Mentoring is a tool that organizations can use to nurture and grow their people. It can be an informal practice or a formal program. Protégés observe, question, and explore. Mentors demonstrate, explain and model. The following assumptions form the foundation for a solid mentoring program.
- Deliberate learning is the cornerstone. The mentor's job is to promote intentional learning, which includes capacity building through methods such as instructing, coaching, profiding experiences, modeling and advising.
- Both failure and success are powerful teachers. Mentors, as leaders of a learning experience, certainly need to share their "how to do it so it comes out right" stories. They also need to share their experiences of failure, ie., "how I did it wrong". Both types of stories are powerful lessons that provide valuable opportunities for analyzing individual and organizational realities.

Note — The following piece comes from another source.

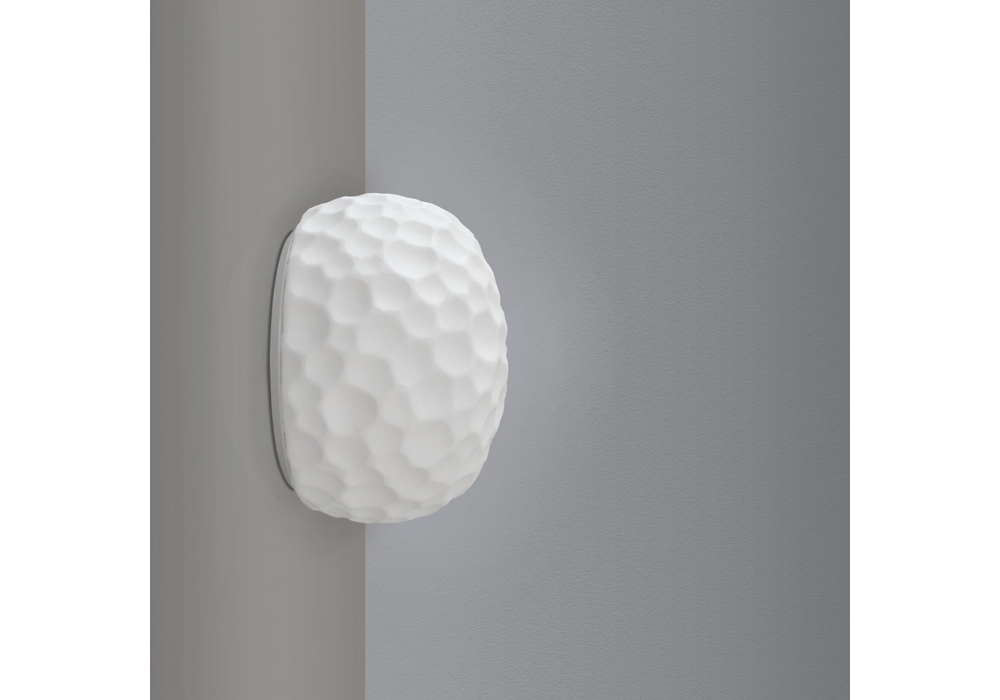 Meteorite von Pio & Tito Toso für Artemide entworfen ist eine Wand- oder Deckenleuchte mit tragender Struktur aus weißem Aluminium und Technopolymer. Der Diffusor besteht aus kugelförmigem geblasenem Glas und beherbergt eine dimmbare LED-Lichtquelle. Meteorit ist in verschiedenen Größen erhältlich.

- Leader need to tell their stories. Personal scenarios, anedcotes and case examples, because they offer valuable, often unforgettable insight, must be shared. Mentors who can talk about themselves and their experiences establish a rapport that makes them "learning leaders."
- Development matures over time. Mentoring -- when it works -- taps into continuous learning that is not an event, or even a string of discrete events. Rather, it is the synthesis of ongoing event, experiences, observation, studies, and thoughtful analyses.
- Mentoring is a joint venture. Successful mentoring means sharing responsibility for learning. Regardless of the facilities, the subject matter, the timing, and all other variables. Successful mentoring begins with setting a contract for learning around which the mentor, the protégé, and their respective line managers are aligned.